Question for network layout

I am setting up my WISP service within the next couple of months, so now’s the time to have someone tell me what I’m doing wrong rather than after I get it in place.

I’m planning on using a WDS bridge from the T1 to my location, AP1, handle my routing here rather than at the T1 location where I have limited access to the location.

Come out of my AP with a dedicated rb333 WDS bridge to the tower, 333 on the tower with r52 or r52h to the water tower in town A, another pair of 333’s and r52’s for a connection to town B at a later time. I plan on having each AP on its own subnet.

Setting it up this way, am I going to have a huge congestion problem at the tower? The tower is only a p2p hop to connect areas I can’t hit from my tower. Eventually, it will likely have its own AP, but that will follow town b.

I’d rather not eat 8+ IP’s routing an extension cord unless there is a definate benefit.
layout.jpg

0ldman -
No I am not ‘following you’ around the forum… :slight_smile: I just happen to be on the forum being helpful… I have a medium size WISP 1000+ about 1/3 commerical users…I am just passing on what I have learned over the years…

I am confused as to why you WDS link between your T1 and the Tower? Can’t you simply add a single route to AP1 from your T1 interface and let AP1 do all the routing, nat’ing, or masq’ing from there to/from your T1?

If you setup VPN to AP1 then you only need to use a single public IP to access AP1. You simply VPN in to AP1 and from there you just use local addresses to access anything on your wireless network…

There will be congestion at the tower - but with an RB333 you should be able to handle 50+mbps of traffic (turbo mode + solid connection to AP1) 20 -25 mbps (non-turbo mode + solid connection).

Later - as you grow - you can set some queuing in the APs that serve your clients. If you are using client CPEs that allow queuing locally then you can set a lot of that up along w/some firewall rules in the clients themselves to take the load off of your APs and backhauls and ‘main’ router(s).

If you want to ‘talk’ to some folks that have used bridging and are trying to get away from it because of all the issues when used over wireless w/many clients - find ‘wirelessrudy’ or ‘gunzoid’ posts and ask them how much better routed is over WDS / bridged networks…

Thom

0ldman -
No I am not ‘following you’ around the forum… > :slight_smile: > I just happen to be on the forum being helpful… I have a medium size WISP 1000+ about 1/3 commerical users…I am just passing on what I have learned over the years…

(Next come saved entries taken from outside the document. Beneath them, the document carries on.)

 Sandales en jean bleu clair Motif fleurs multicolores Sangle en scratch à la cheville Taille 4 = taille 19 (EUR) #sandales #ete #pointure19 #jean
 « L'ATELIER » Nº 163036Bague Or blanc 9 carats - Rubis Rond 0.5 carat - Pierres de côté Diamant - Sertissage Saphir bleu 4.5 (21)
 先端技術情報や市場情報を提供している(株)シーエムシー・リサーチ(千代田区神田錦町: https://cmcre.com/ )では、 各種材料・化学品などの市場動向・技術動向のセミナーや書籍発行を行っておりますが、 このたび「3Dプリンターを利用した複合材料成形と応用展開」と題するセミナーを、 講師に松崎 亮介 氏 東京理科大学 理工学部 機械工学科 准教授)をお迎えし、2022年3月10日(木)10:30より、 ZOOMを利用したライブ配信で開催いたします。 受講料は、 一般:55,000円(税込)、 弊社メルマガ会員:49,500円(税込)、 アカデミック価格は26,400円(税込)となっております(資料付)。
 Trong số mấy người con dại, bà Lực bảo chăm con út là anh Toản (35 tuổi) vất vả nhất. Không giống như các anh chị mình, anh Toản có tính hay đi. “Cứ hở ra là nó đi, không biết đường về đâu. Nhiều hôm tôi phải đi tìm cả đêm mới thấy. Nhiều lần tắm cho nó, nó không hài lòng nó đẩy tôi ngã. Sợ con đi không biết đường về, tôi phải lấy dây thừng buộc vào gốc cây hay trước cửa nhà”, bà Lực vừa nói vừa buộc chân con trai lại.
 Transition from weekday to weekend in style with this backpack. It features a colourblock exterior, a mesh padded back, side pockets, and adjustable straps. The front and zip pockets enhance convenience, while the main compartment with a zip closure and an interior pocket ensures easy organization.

Actually, I was looking forward to your answer.

I am confused as to why you WDS link between your T1 and the Tower? Can’t you simply add a single route to AP1 from your T1 interface and let AP1 do all the routing, nat’ing, or masq’ing from there to/from your T1?

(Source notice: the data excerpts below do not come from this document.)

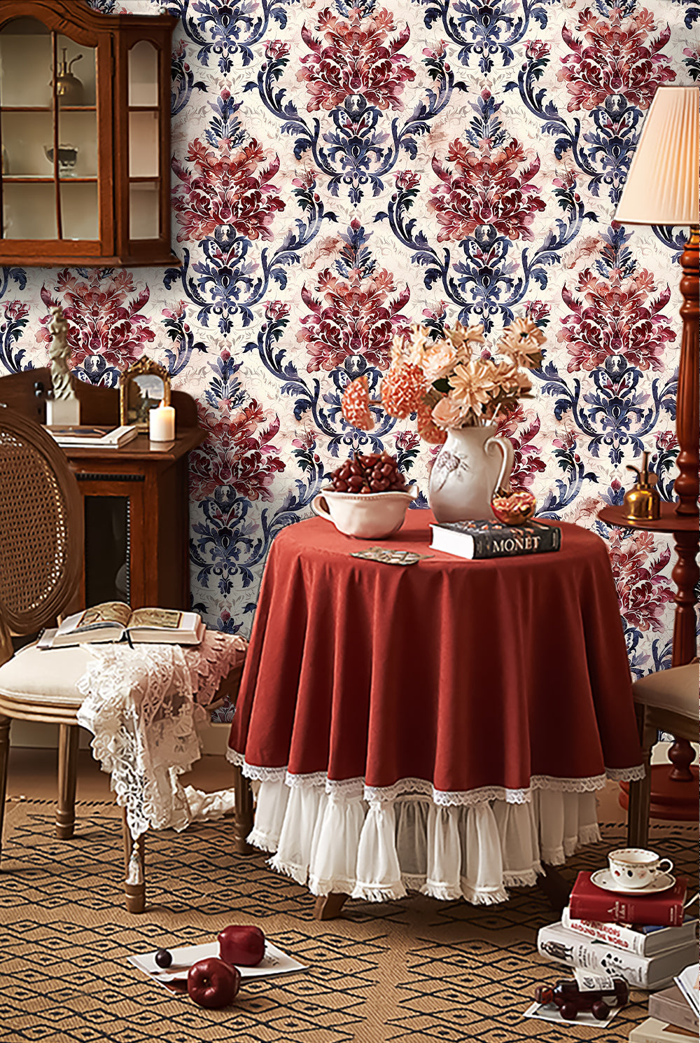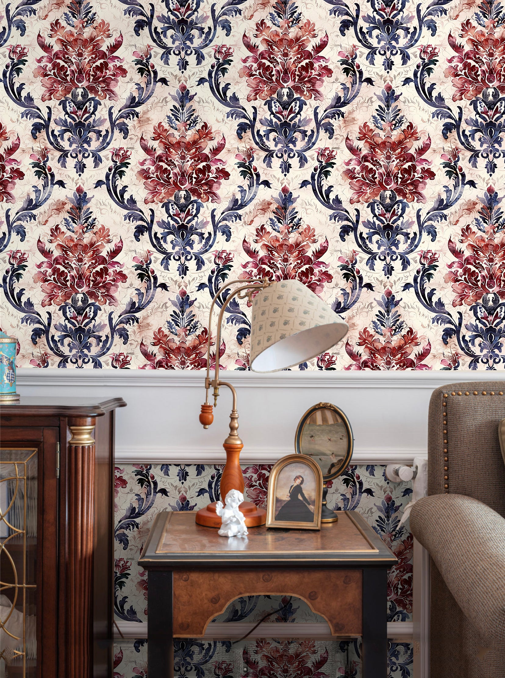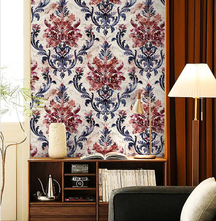 HaokHome Watercolor Damask Wallpaper – Elegant Burgundy, Navy Blue & Cream Floral Design for Living Room & Bedroom
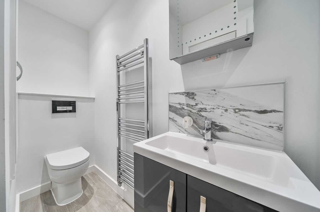 There is an inner hallway with further additional storage and a door leading to the large double bedroom with en-suite shower room. In addition, the property benefits from a small private patio area just outside the flat, which is fenced and offers a pleasant spot for outdoor seating. There is also a secure storage area/bike shed located on the floor below the flat, providing convenient additional space.
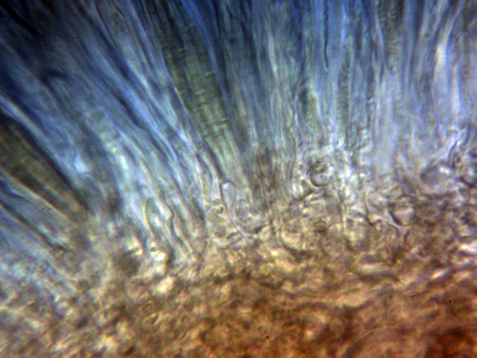 Himenio a 40 aumentos en reactivo de Melzer, con ascas fuertemente amiloides, y paráfisis, esporas y resto del contexto, inamiloides.
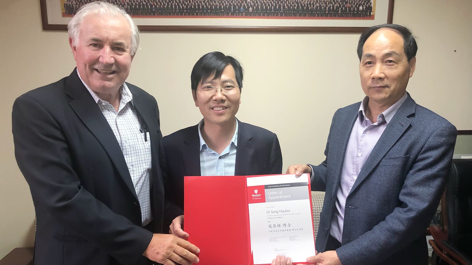 近日,澳大利亚莫道克大学教授、动物流行病学家John Edwards教授一行访问BEAT365,并为宋厚辉教授颁发莫道克大学兼职教授和博士生导师聘书。

I’ll see what I can come up with as far as addresses on the T1 side. Its not actually a T1, it is a portion of a 10Mb fiber. Aside from the radio on their tower, I have no equipment at that location. That is why I was looking at making that shot as transparent as possible. It seems that a few points (pretty much the p2p shots) in my layout would be so much simpler bridged.